* _PROBLEM DESCRIPTION_
For the entries below, count the lines containing "IKSS" and give only that number.

=======

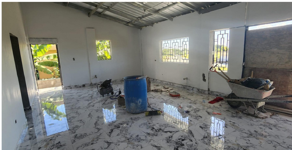
(The guys installing the window grille; tile floor in the mission house; Christmas program with the Haitian kids)
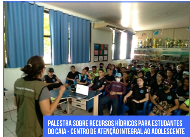
PALESTRA SOBRE RECURSOS HÍDRICOS PARA ESTUDANTES DO CAIA - CENTRO DE ATENÇÃO INTEGRAL AO ADOLESCENTE
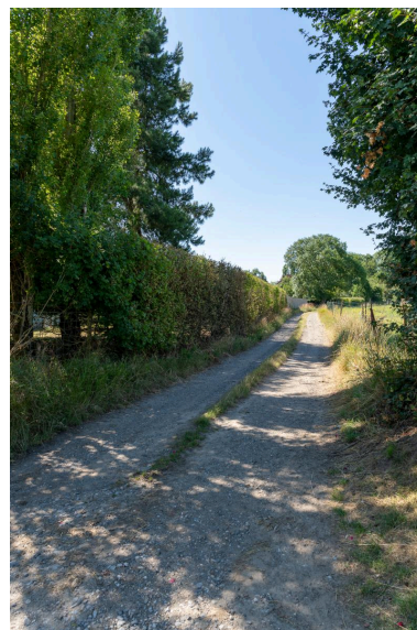
Chemin du tour de ville au nord de la Neuve Rue, vue depuis le nord. IVR32_20226000717NUCA
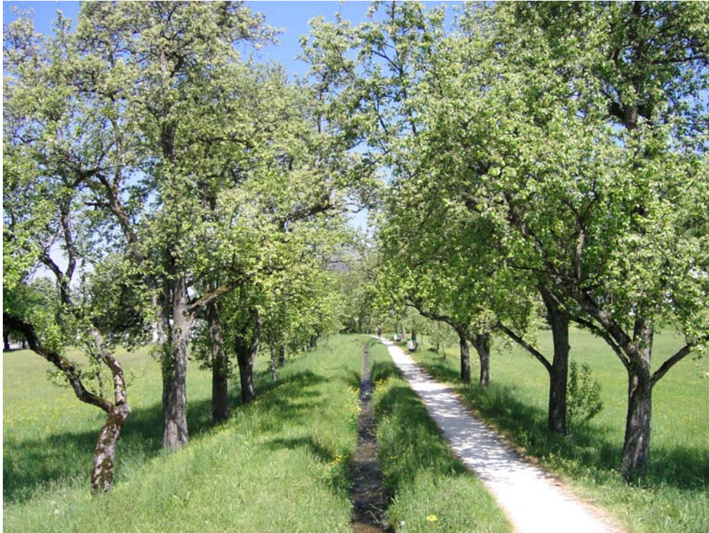
Abb. 15: Unterlauf Kandlerbach mit Obstbaumallee.
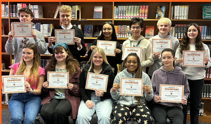
Desayuno de Campeones de febrero
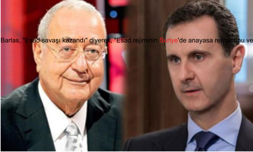
Barlas, "Esad savaşı kazandı" diyerek, "Esad rejiminin Suriye'de anayasa reformunu ve

seçimleri yapmasını amaçlayan çalışmalarına katkıda bulunmalıyız" ifadesini kullandı.
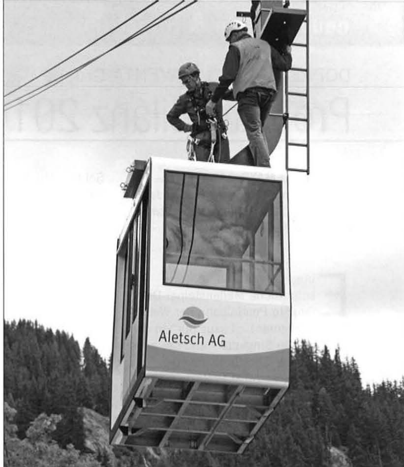
Ende Juni erfolgte die Abnahme durch die zuständigen Behörden, die Kontrollstelle IKSS und das zuständige Departement des Staates Wallis.

Die Kontrollstelle IKSS und das zuständige Departement des Staates Wallis haben Ende Juli die Luftseilbahn inspiziert und abgenommen. Die STEURER Seilbahnen AG konnte damit dem zufriedenen Kunden die Seilbahn pünktlich für den Betrieb übergeben.
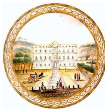
Palazzo nobiliare a Portici. Dalla raccolta di porcellane di Capodimonte

On y voit un fortin qui fut construit pour l'instruction de Ferdinand I dans ses premières années. On en a fait présentement une ménagerie, où l'on conserve de rares animaux.
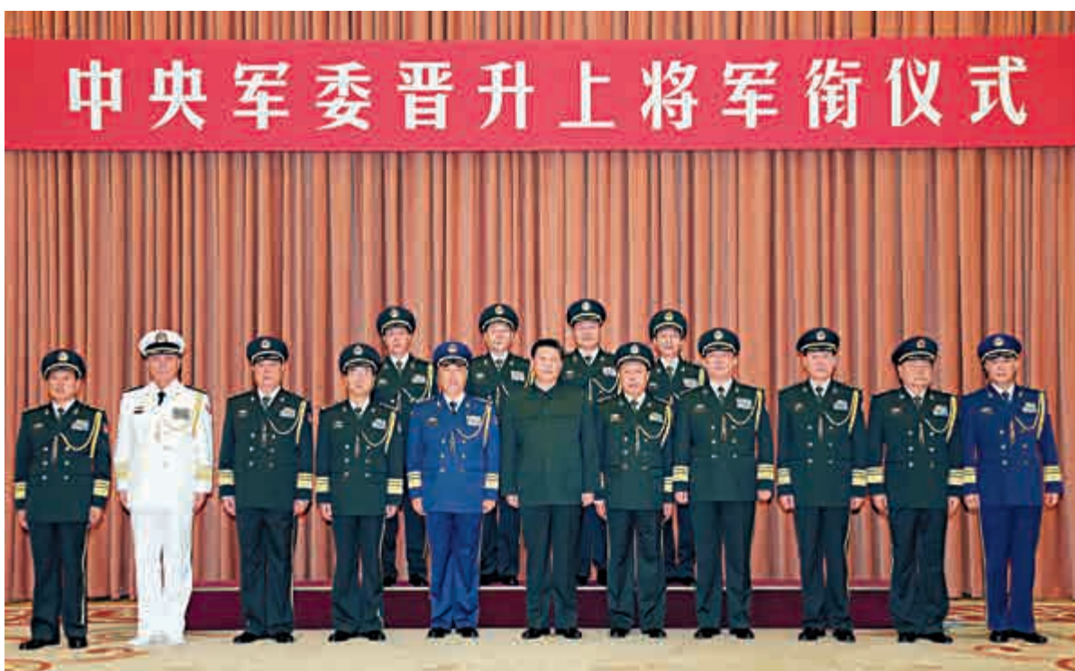
▲11日，中央軍委在北京八一大樓舉行晉升上將軍銜儀式，儀式結束後中央軍委主席習近平等人同晉升上將軍銜的軍官合影留念。新晉升的4位上將分別是瀋陽軍區政委褚益民、副總參謀長戚建國、瀋陽軍區司令員王教成、廣州軍區政委魏亮

從年齡上看，戚建國與王教成均為1952年生人，褚益民與魏亮均為1953年生人。4人都是十八屆中央委員，也都擔任過集團軍主官。
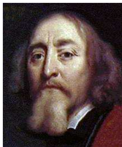
Jan Amos Komenský (1592- 1670)
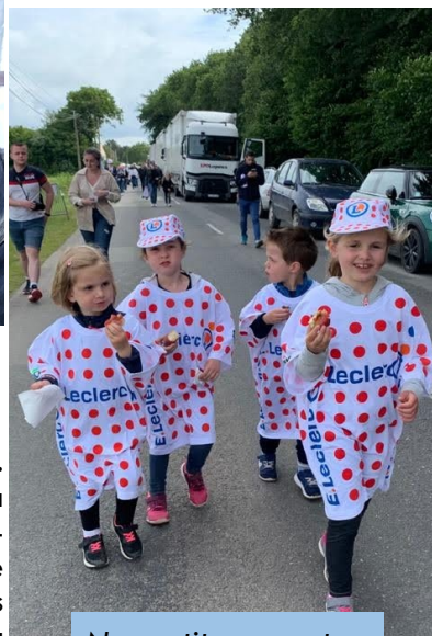
Nos petits supporters Pencranais
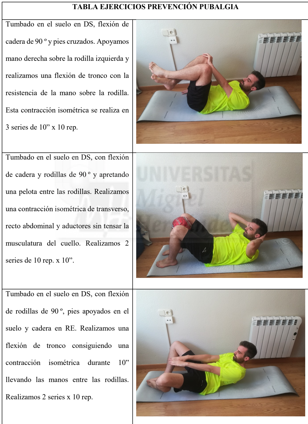
Tabla 1. Ejercicios para la prevención de la pubalgia
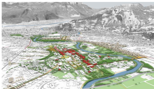
Schéma d'aménagement et de développement du campus universitaire. INterland, 2008.
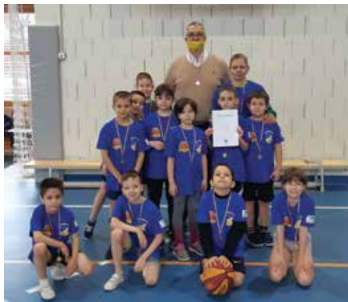
Jó eredménnyel debütált a kis csapat

„A REAC Kosártanoda célja, hogy az alsó tagozatos gyerekekkel megszerettesse a játékot, illetve hogy játékos formában elsajátítsák a kosárlabdázás alapjait. Ezt követően kerülnének majd a gyerekek olyan klubokhoz – remélhetőleg a Budapesti Legyőzhetetlen Feketékhez, akik a kerületben működnek –, ahol már csapatszinten és versenyszerűen kosarazhatnak.”
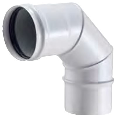
CURVA A 90° 90° BEND
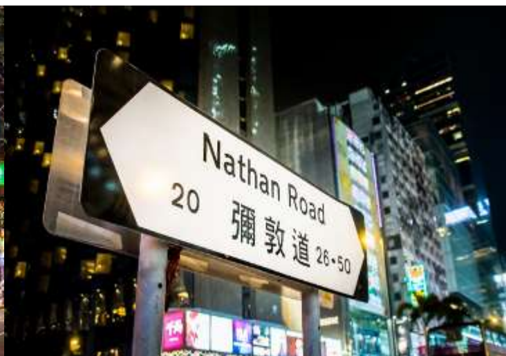
กลางวัน อิศระอาหารกลางวันตามอัธยาศัย เพื่อความสะดวกในการท่องเที่ยว
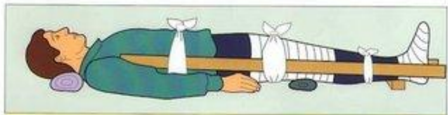
При переломах делайте их иммобилизацию
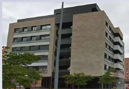
Complejo Residencial – Huarte (Navarra)
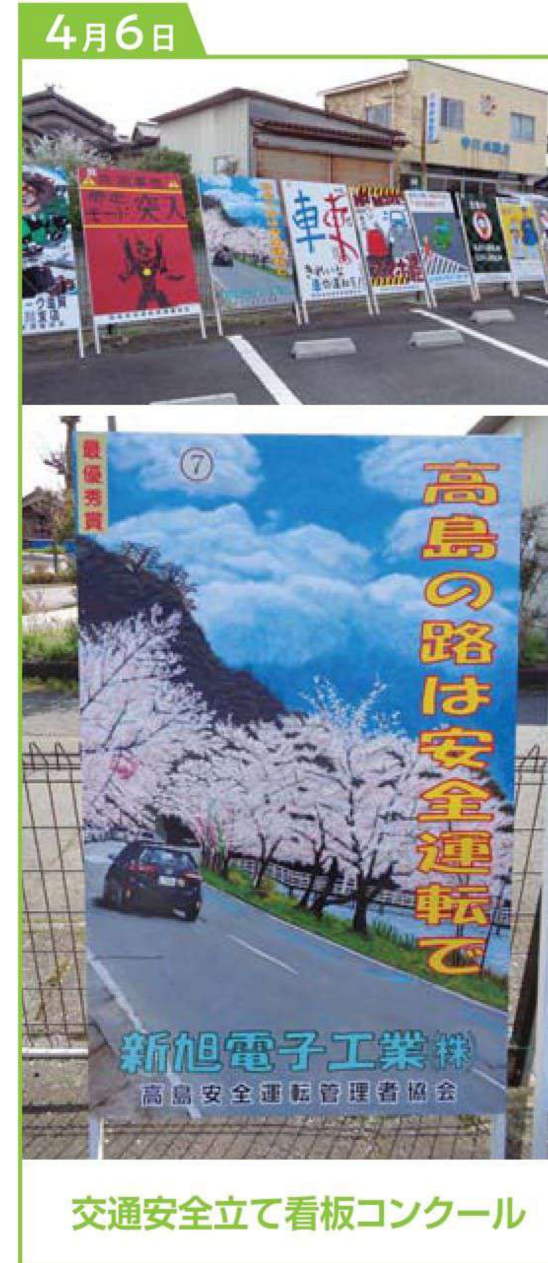
交通安全立て看板コンクール
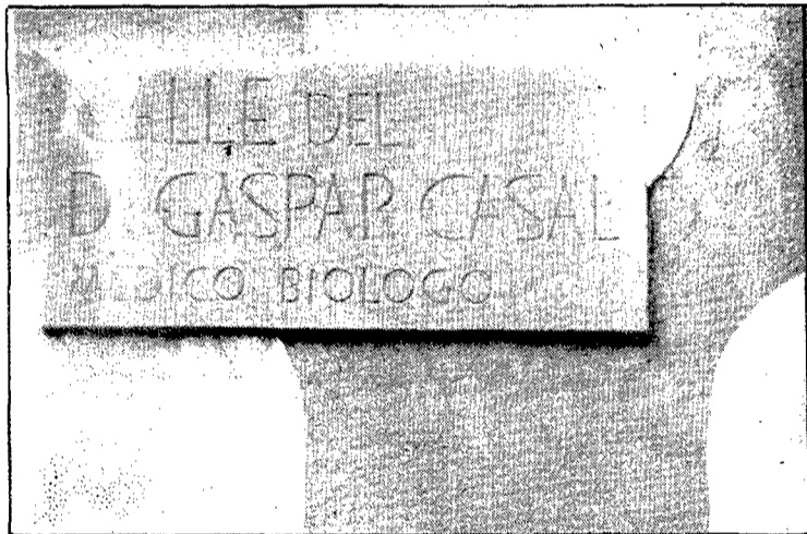
Dues plaques especials recorden qui era el metge a qui és dedicat el carrer.

tura de la plaça Pompeu Fabra, on hi havia hagut els carrers del Pavo i Caneders, i va suposar també l'entrada al mercat immobiliari de terrenys de propietat pública: el pati de l'Hospici i la caserna d'artilleria General Mendoza, on ara hi ha respectiva-
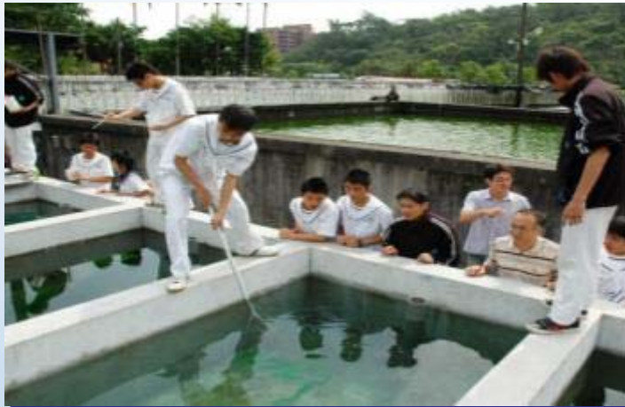
蘇澳海事-人工養殖實習
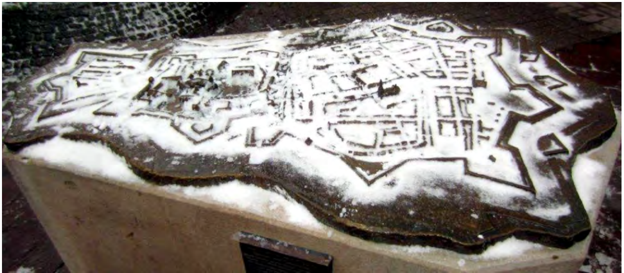
Das Bronze-Relief Wolfenbüttels auf der Langen herzog Straße /Ecke Am Alten Tore trägt einen dünnen Schleier aus Schnee. Die zuerst bebauten Punkte ragen aus dem Schnee heraus: Das Schloss und die Marienkirche.
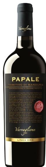
Papale Primitivo di Manduria Kantina: Varvaglione Rajoni: Puglia Varieteti: Primitivo Vëllimi: 1.5L / Alkoli: 14.5% 25.000 Lekë
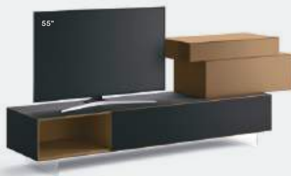
Domino IN.3 22N L / W 2325 x H 870 x P / D 452 / 546 Rovere Carbone • Zenzero
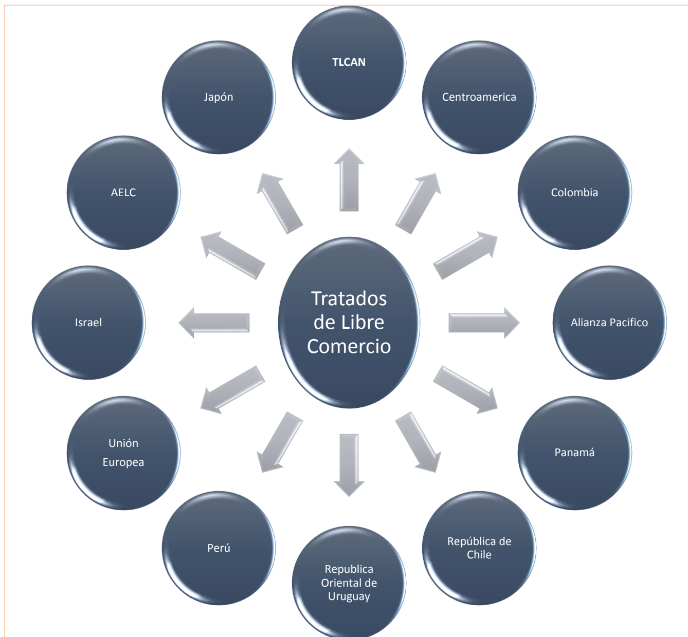
Figura 1. Tratados de Libre Comercio. Elaboración propia con arreglo a los tratados de libre comercio que México tiene firmado hasta abril 2018.

=======

* _EXPECTED ANSWER_
2